**WHAT YOU HAVE TO DO:** The whole listing should come back exactly as written, except for the pictures.

**GIVEN DATA:**
>>>>

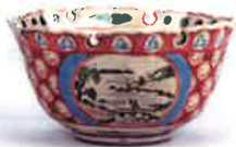
色絵窓山水文雪輪鉢

萬古焼は、今から 280 年ほど前の江戸時代中頃に、桑名の沼波五左衛門弄山 (ぬなみごさえもんろうざん 1718 ~ 1777) が作り始めた焼き物です。昨年弄山が生誕して 300 年という記念の年でした。いつまでも変わらず繁栄せよとの願いと、自身の作品が永遠に誇りうるものとの自負を込めて「萬古不易」の印を押したことが、名前の起源とされます。楽焼、唐津焼、織部、伊賀焼などの写し物 (模倣) もたくさん作りましたが、赤絵作品に見られる山水画と更紗模様との組み合わせは異国情緒を漂わせる斬新なデザインで、人々の興味を引きつけました。今回は古萬古と呼ばれる、沼波弄山と森有節の美と技の作品をご覧ください。
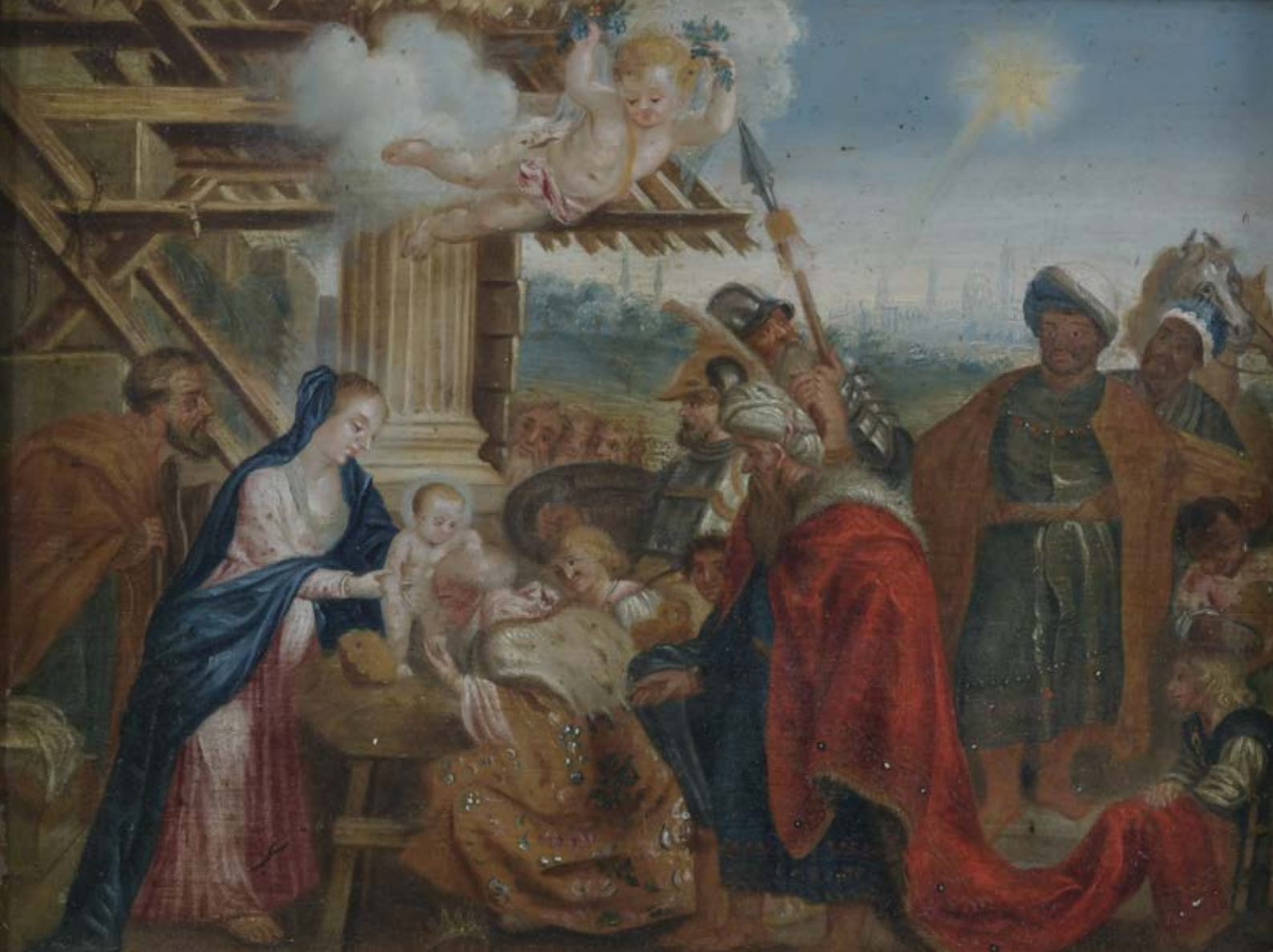
Flämischer Meister des 17. Jhs, Öl/Holz, ger., 20 x 25,5 cm
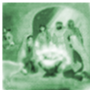
Narodzenie Pana Jezusa
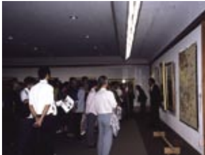
写真1 箱根・芦ノ湖成川美術館での第96走ミュージアム・リレー（2005.9）。
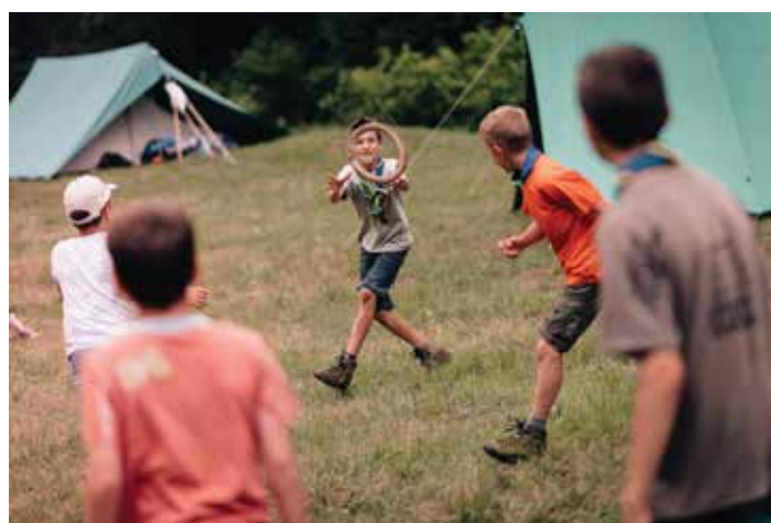
Požrtvovalna žirafa-Petra

Po zajtrku in telovadbi smo se po starostnih skupinah pripravljali na obljube. Vsaka veja je medse sprejela nove člane, ki so bili pri skavtih prvo leto ali pa so odšli k starejšim. Napočil je čas svete maše in obljub. Po sprejemu novih članov smo se skupaj s starši družili do popoldneva. Stegov vikend zaključek skavtskega leta bo zagotovo vsem ostal v lepem spominu, predvsem pa tistim, ki so letos obljubili in postali člani naše skavtske družine. Že sedaj se veselimo vseh pogumnih otrok, ki se nam bodo naslednje leto upali in želeli pridružiti.

<<<<

**ANSWER AREA:**
色絵窓山水文雪輪鉢

萬古焼は、今から 280 年ほど前の江戸時代中頃に、桑名の沼波五左衛門弄山 (ぬなみごさえもんろうざん 1718 ~ 1777) が作り始めた焼き物です。昨年弄山が生誕して 300 年という記念の年でした。いつまでも変わらず繁栄せよとの願いと、自身の作品が永遠に誇りうるものとの自負を込めて「萬古不易」の印を押したことが、名前の起源とされます。楽焼、唐津焼、織部、伊賀焼などの写し物 (模倣) もたくさん作りましたが、赤絵作品に見られる山水画と更紗模様との組み合わせは異国情緒を漂わせる斬新なデザインで、人々の興味を引きつけました。今回は古萬古と呼ばれる、沼波弄山と森有節の美と技の作品をご覧ください。
Flämischer Meister des 17. Jhs, Öl/Holz, ger., 20 x 25,5 cm
Narodzenie Pana Jezusa
写真1 箱根・芦ノ湖成川美術館での第96走ミュージアム・リレー（2005.9）。
Požrtvovalna žirafa-Petra

Po zajtrku in telovadbi smo se po starostnih skupinah pripravljali na obljube. Vsaka veja je medse sprejela nove člane, ki so bili pri skavtih prvo leto ali pa so odšli k starejšim. Napočil je čas svete maše in obljub. Po sprejemu novih članov smo se skupaj s starši družili do popoldneva. Stegov vikend zaključek skavtskega leta bo zagotovo vsem ostal v lepem spominu, predvsem pa tistim, ki so letos obljubili in postali člani naše skavtske družine. Že sedaj se veselimo vseh pogumnih otrok, ki se nam bodo naslednje leto upali in želeli pridružiti.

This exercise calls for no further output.